■ PROMPT ■
Transcribe exactly, and without pictures, only the lines from the one bearing "Handle: Dual, stainless" through the final line of the data below.

Records from a data source:
BEGIN

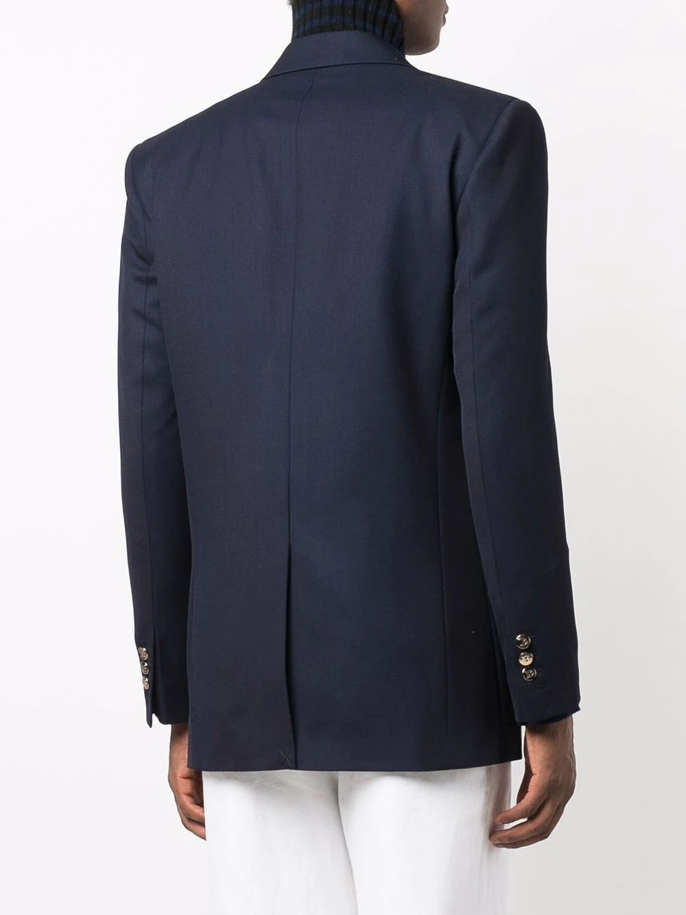 Crafted from gold-tone metal, Balmain's six buttons have become a key identifier for the brand. Adorning this marine-blue blazer, the woolen design promise comfort and style in equal measures.
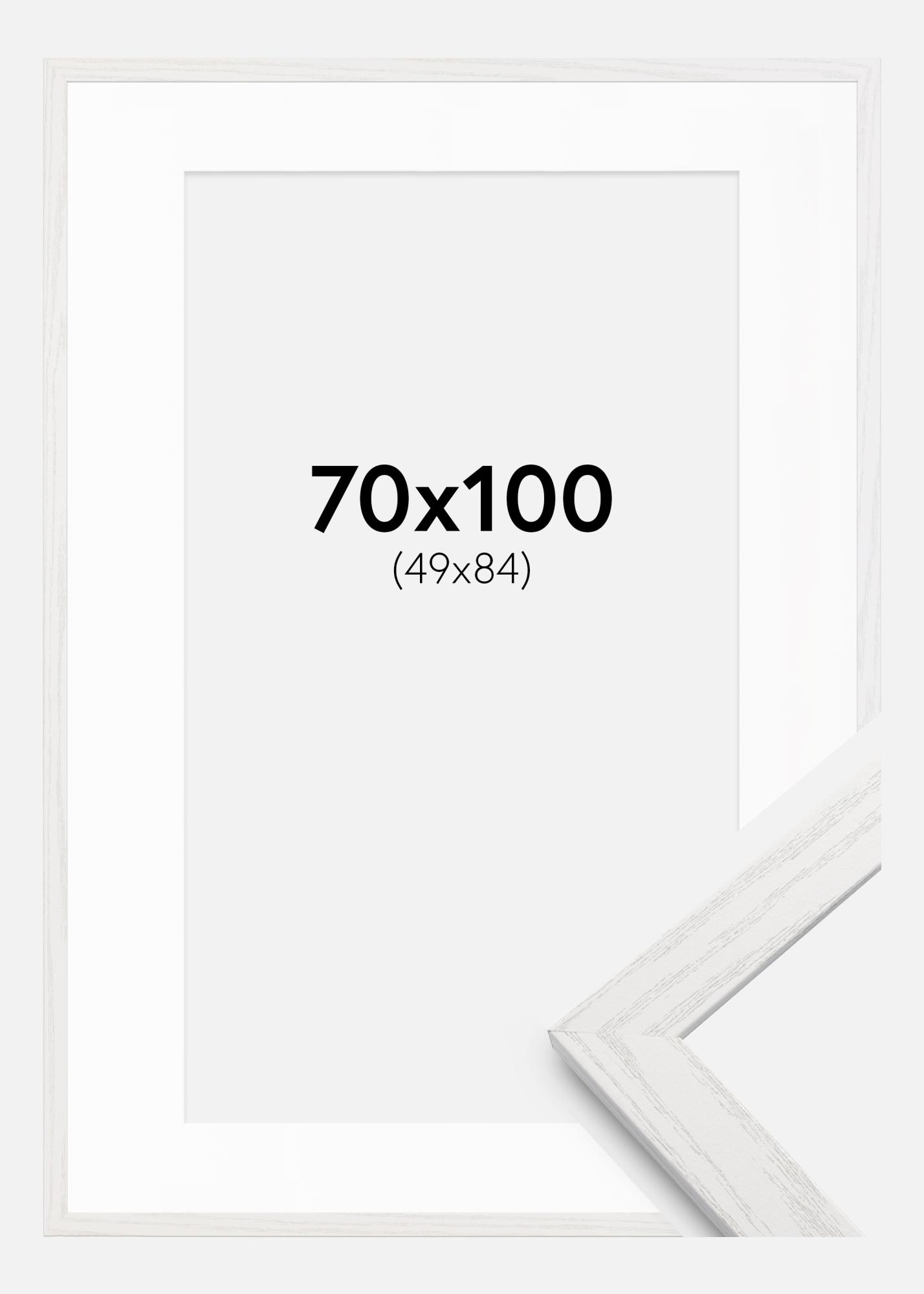 Rahmen Stilren weiße Eiche 70x100 cm - Passepartout Weiß 50x85 cm
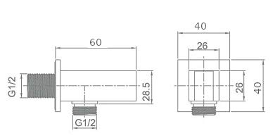 SFERA - Presa acqua quadrata supporto acqua per doccia in ottone cromato alta qualità
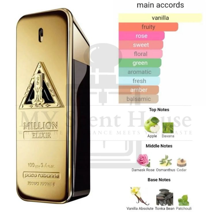 1 Million Elixir by Rabanne is a Woody Aromatic fragrance for men. 1 Million Elixir was launched in 2022. Top notes are Apple and Davana; middle notes are Damask Rose, Cedar and Osmanthus; base notes are Vanilla Absolute, Tonka Bean and Patchouli.
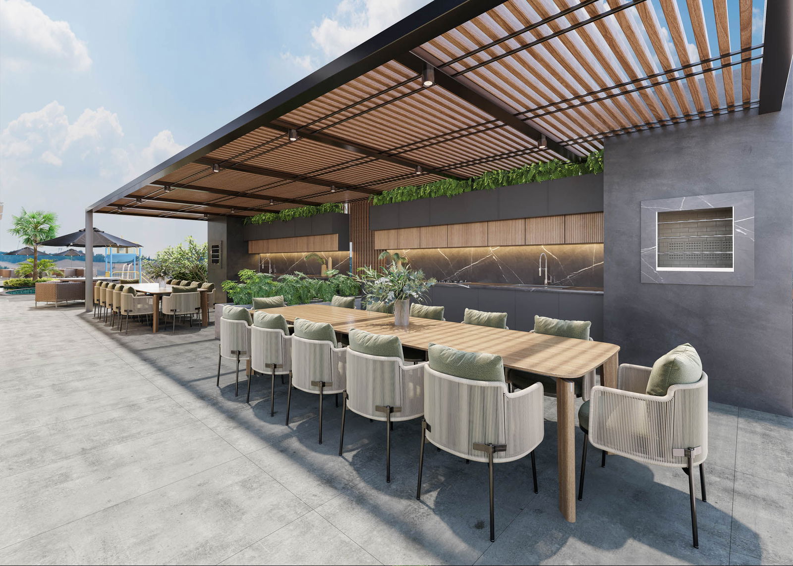 A área social do imóvel é um dos seus grandes destaques. A sala de estar é ampla e se integra de forma harmoniosa à cozinha e à varanda, criando um ambiente perfeito para momentos de convivência em família ou para receber amigos. A varanda espaçosa é ideal para relaxar e apreciar a vista, além de proporcionar mais luminosidade ao apartamento.
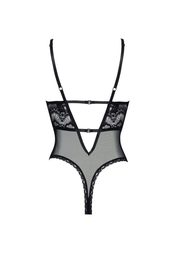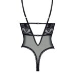 The Peyton Teddy is an elegant and sensual bodysuit that enhances femininity and confidence. Crafted from delicate, sheer lace and mesh, it embodies luxury and sex appeal. The deep cutouts and thoughtful details make every woman feel special. Key Features: High-quality lace and mesh gently hug the body for comfort & a perfect look. Deep V-shaped neckline showcases the bust. Two front boning strips provide additional support. Classic black adds elegance and sensuality, suitable for any occasion. Adjustable straps and elastic bands at the back ensure a perfect fit. Lace-adorned front and mesh back with a deep cut-out highlight the back. Comes in an elegant box with a product photo making it a perfect gift. Includes a pouch for storing or washing, ensuring long-lasting quality. Choose the Peyton Teddy to add luxury and sensuality to your lingerie collection, perfect for special occasions or romantic evenings.
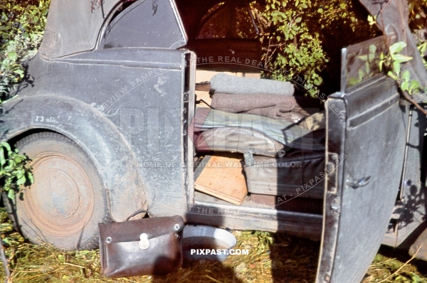 1938 Opel Super 6 Cabriolet staff car hidden in bushes in Russia 1941. 297 Infantry Division
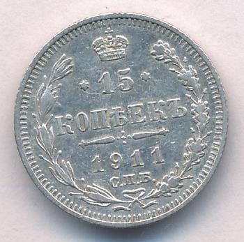 Лицевая сторона — гербовый орел, оборотная —обозначение номинала (15 копеекъ), окруженное венком из лавровой и дубовой ветвей и дата.
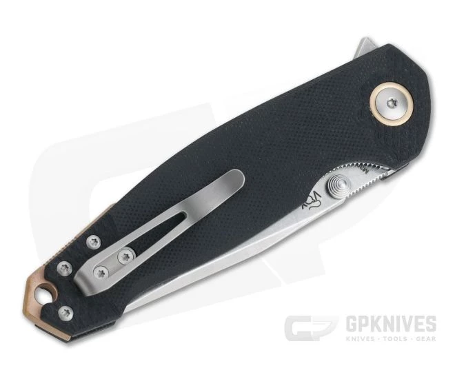 Handle: Dual, stainless steel liners support durable, weatherproof Black G10 handle scales with 3D machined texture details at either end. With clean, simple and ergonomic lines these handles are classic Voxnaes design and feel great in the hand. A deep index cut out pairs with the flipper tab guard to offer excellent security while providing access to the smooth and reliable liner lock mechanism. CNC machined phosphor bronze is used for the pivot collars are partial back spacer for a subtle visual contrast. A generous hole is provided in the back spacer for lanyard attachment.
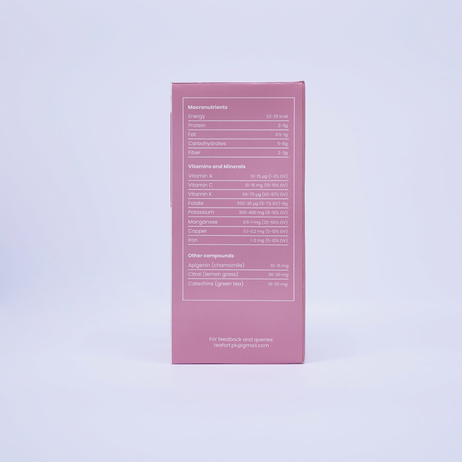 Experience the serenity of our Relaxing Herbal Tea. Sip slowly, breathe deeply, and let the soothing flavors take you to a state of tranquility. Your perfect Nighttime Ritual. Let go of all that stress with this soothing blend of lavender, tulsi, and green tea. This calming infusion is carefully crafted to promote relaxation, improve sleep quality, and support your overall well-being.

END

■ YOUR SOLUTION ■
 Handle: Dual, stainless steel liners support durable, weatherproof Black G10 handle scales with 3D machined texture details at either end. With clean, simple and ergonomic lines these handles are classic Voxnaes design and feel great in the hand. A deep index cut out pairs with the flipper tab guard to offer excellent security while providing access to the smooth and reliable liner lock mechanism. CNC machined phosphor bronze is used for the pivot collars are partial back spacer for a subtle visual contrast. A generous hole is provided in the back spacer for lanyard attachment.
 Experience the serenity of our Relaxing Herbal Tea. Sip slowly, breathe deeply, and let the soothing flavors take you to a state of tranquility. Your perfect Nighttime Ritual. Let go of all that stress with this soothing blend of lavender, tulsi, and green tea. This calming infusion is carefully crafted to promote relaxation, improve sleep quality, and support your overall well-being.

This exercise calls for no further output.